**PROBLEM DESCRIPTION:**
Using the listing below, print the line containing "这里有一个小小的缺陷,就是按", the line containing "Chladicí sportovní ručník", and each line between them, exactly and nothing else. Pictures stay out of the print.

**AVAILABLE DATA:**
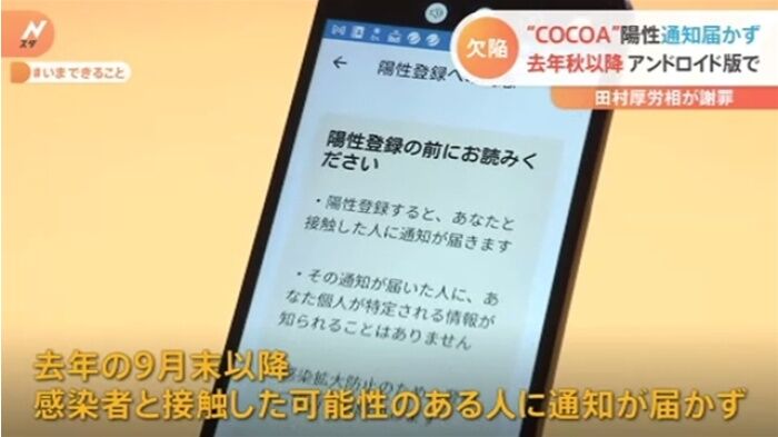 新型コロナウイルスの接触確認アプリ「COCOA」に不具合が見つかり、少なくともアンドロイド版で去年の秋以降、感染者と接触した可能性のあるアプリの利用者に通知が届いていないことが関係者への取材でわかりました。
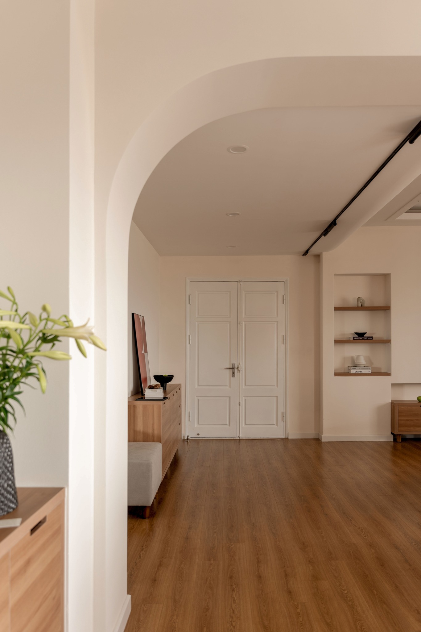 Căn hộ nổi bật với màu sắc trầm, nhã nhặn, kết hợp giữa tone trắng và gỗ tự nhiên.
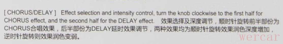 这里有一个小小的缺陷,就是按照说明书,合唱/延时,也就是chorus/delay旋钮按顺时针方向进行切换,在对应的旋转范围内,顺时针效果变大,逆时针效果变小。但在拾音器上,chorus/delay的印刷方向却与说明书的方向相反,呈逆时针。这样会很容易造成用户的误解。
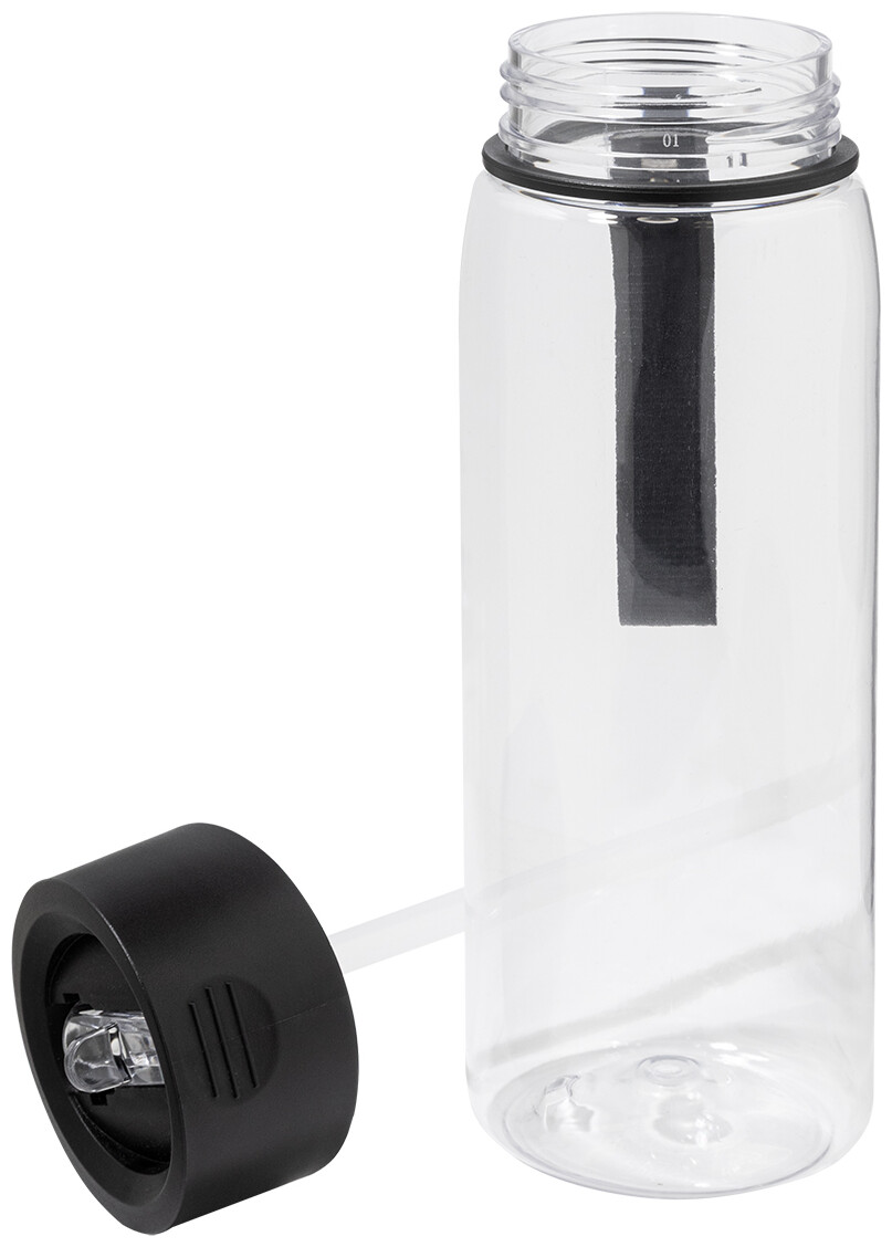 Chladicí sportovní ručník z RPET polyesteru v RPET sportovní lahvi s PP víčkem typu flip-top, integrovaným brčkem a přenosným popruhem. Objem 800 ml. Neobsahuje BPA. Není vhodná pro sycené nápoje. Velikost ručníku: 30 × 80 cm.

...

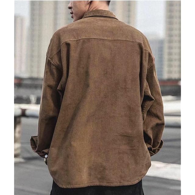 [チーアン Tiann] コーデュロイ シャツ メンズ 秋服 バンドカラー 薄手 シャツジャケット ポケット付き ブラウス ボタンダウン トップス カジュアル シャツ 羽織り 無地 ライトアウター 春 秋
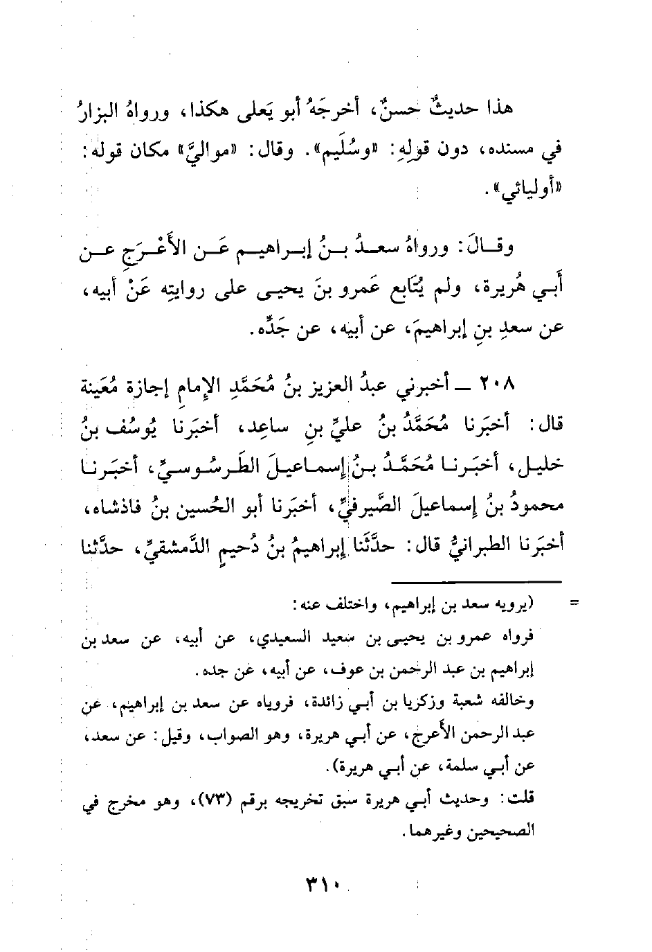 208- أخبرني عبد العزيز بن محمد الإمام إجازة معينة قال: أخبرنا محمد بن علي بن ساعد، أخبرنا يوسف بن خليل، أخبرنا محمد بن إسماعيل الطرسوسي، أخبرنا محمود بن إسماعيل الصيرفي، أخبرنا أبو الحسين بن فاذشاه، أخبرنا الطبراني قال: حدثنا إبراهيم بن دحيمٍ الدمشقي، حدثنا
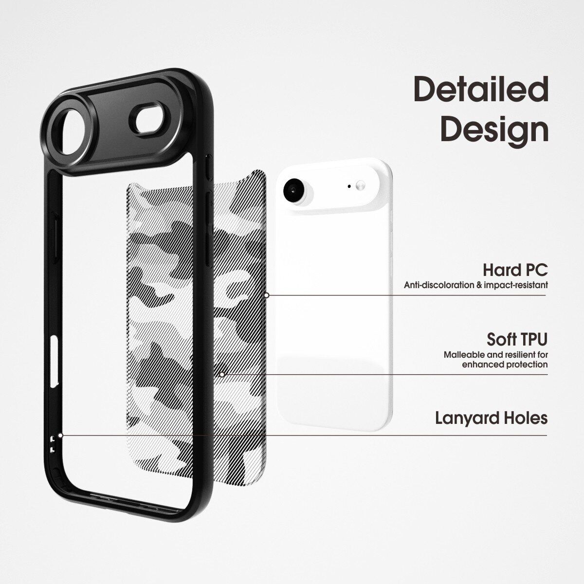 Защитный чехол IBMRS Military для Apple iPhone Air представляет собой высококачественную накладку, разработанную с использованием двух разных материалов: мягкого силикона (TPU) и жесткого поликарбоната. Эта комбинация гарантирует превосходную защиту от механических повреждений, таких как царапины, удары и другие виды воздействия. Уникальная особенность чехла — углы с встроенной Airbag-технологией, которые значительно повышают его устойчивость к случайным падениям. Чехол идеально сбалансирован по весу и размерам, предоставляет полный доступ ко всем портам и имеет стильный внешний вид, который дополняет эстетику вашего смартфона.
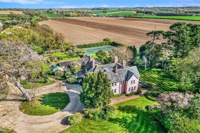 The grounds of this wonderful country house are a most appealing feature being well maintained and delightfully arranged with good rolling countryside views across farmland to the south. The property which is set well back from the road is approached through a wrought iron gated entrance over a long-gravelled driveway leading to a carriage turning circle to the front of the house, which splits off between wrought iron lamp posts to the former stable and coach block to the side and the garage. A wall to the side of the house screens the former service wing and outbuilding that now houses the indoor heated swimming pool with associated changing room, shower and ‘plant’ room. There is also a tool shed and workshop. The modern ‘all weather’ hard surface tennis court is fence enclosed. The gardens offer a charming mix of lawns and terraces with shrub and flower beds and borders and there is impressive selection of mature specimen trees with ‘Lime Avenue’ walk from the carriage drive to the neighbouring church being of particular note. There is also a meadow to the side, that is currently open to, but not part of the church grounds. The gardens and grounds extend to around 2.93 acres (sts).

...

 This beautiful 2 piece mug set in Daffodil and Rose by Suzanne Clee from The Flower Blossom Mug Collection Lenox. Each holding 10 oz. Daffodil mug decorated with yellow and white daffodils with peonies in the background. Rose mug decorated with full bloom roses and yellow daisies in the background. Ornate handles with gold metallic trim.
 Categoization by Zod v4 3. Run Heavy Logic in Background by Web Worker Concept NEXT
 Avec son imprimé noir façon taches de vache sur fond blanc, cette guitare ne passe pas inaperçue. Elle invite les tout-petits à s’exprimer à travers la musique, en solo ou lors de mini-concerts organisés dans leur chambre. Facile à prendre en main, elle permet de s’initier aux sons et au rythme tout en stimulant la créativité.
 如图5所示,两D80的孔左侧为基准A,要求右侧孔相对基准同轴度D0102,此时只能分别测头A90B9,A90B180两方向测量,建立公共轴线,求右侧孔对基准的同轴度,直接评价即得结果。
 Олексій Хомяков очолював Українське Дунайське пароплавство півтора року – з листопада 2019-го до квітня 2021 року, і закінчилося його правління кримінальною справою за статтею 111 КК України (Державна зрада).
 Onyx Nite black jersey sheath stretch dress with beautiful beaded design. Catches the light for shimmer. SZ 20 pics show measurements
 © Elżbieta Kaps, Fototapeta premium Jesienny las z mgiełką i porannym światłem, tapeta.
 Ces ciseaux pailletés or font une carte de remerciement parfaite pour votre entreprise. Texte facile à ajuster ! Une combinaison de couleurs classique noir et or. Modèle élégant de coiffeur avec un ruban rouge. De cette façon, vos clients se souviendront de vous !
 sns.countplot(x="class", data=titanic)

**REPLY:**
 这里有一个小小的缺陷,就是按照说明书,合唱/延时,也就是chorus/delay旋钮按顺时针方向进行切换,在对应的旋转范围内,顺时针效果变大,逆时针效果变小。但在拾音器上,chorus/delay的印刷方向却与说明书的方向相反,呈逆时针。这样会很容易造成用户的误解。
 Chladicí sportovní ručník z RPET polyesteru v RPET sportovní lahvi s PP víčkem typu flip-top, integrovaným brčkem a přenosným popruhem. Objem 800 ml. Neobsahuje BPA. Není vhodná pro sycené nápoje. Velikost ručníku: 30 × 80 cm.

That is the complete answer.